Henriette Strotmann: Wir bieten bereits viele Module im Rahmen unserer Studiengänge an, die die Studierenden mit dem notwendigen Grundlagen- und Fachwissen ausstatten. Durch die großen Veränderungen müssen wir unser Angebot natürlich stetig ausbauen bzw. anpassen, was uns sehr gut gelingt. Weiterhin bin ich Beraterin für eine BIM-Akademie gemeinsam mit dem Unternehmen Formitas. Dort werden firmeninterne wie auch unternehmensübergreifende Schulungsangebote für alle Zielgruppen zu den verschiedensten Themen rund um BIM und Digitalisierung angeboten.

Ein Blick in die Zukunft: Wann wird das Planen und Bauen nach der BIM-Methode das bislang noch „traditionelle Bauen“ abgelöst haben?

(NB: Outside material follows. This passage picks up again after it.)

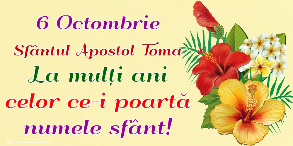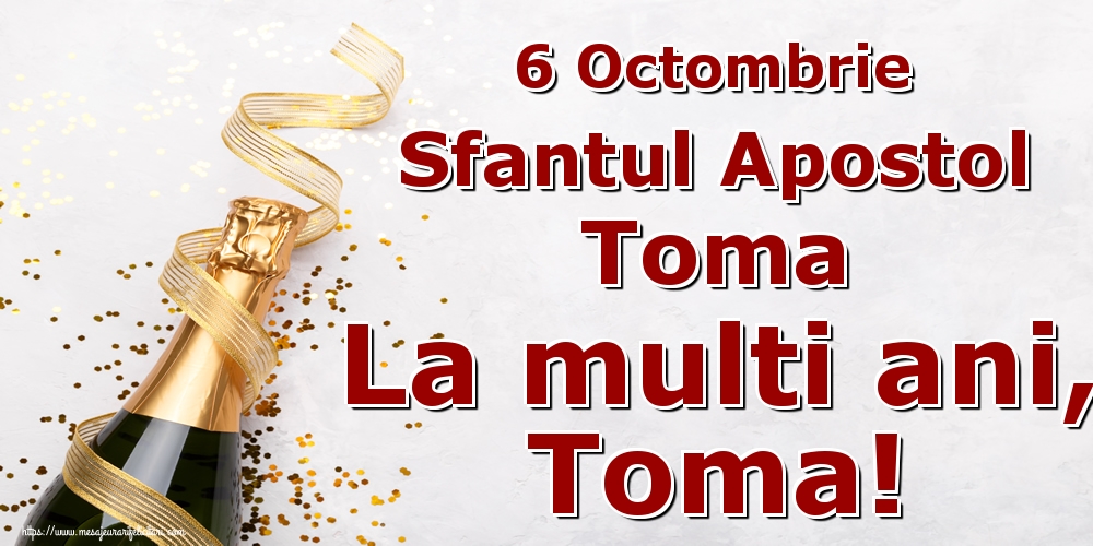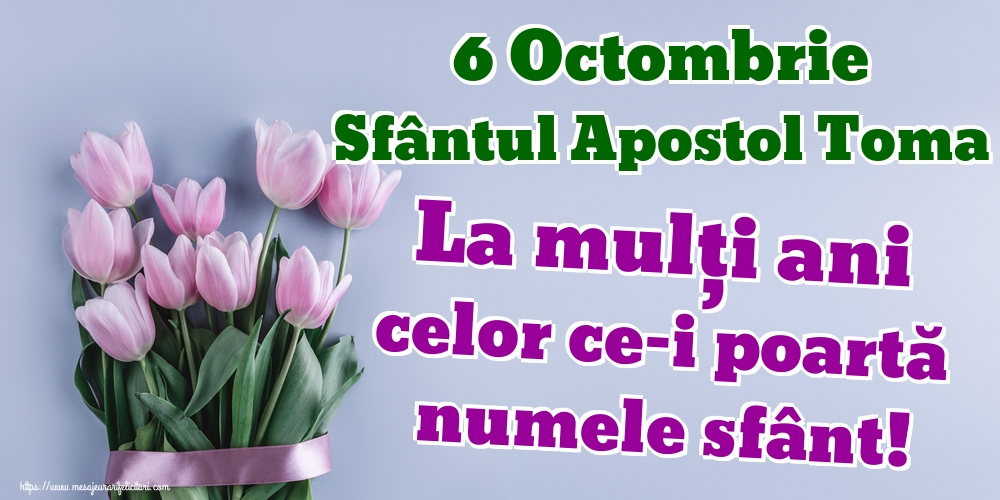 6 Octombrie Sfântul Apostol Toma La mulți ani celor ce-i poartă numele sfânt! Felicitari si imagini de Sfântul Apostol Toma - 6 Octombrie.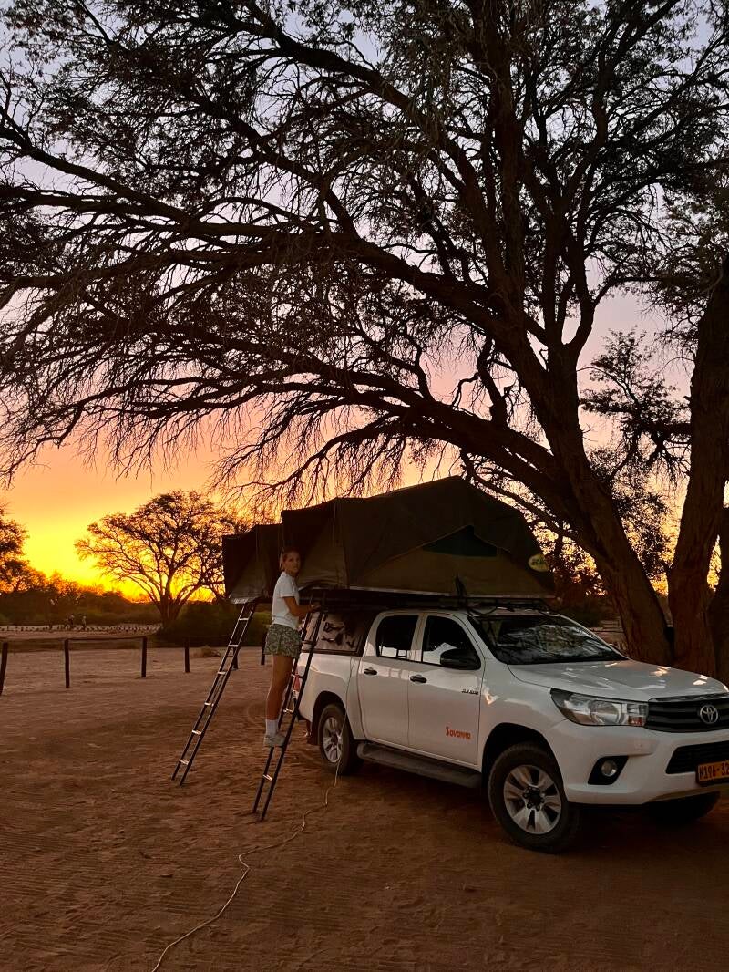 We huren uiteindelijk een Toyota Hilux met 2 daktenten en complete kampeeruitrusting via Savannah Car Hire. Zij zorgen voor luchthaventransfers en de permit voor de grensovergang naar Botswana. We nemen de best mogelijke verzekering. Alles bijeen komt dat op een huurprijs van 143€/dag (prijs 2023). Wij reden gelukkig geen lekke banden, maar 2 reservebanden zijn zeker een must.

Henriette Strotmann: Gebaut wird auch weiterhin durch Menschen auf der Baustelle. Das „traditionelle Bauen“ wird also nie gänzlich abgelöst. Die Digitalisierung und die BIM-Methode können die Prozesse aber unterstützen und teilweile auch zum Beispiel durch Systembau standardisieren. Dies wird stetig voranschreiten und immer stärker genutzt werden.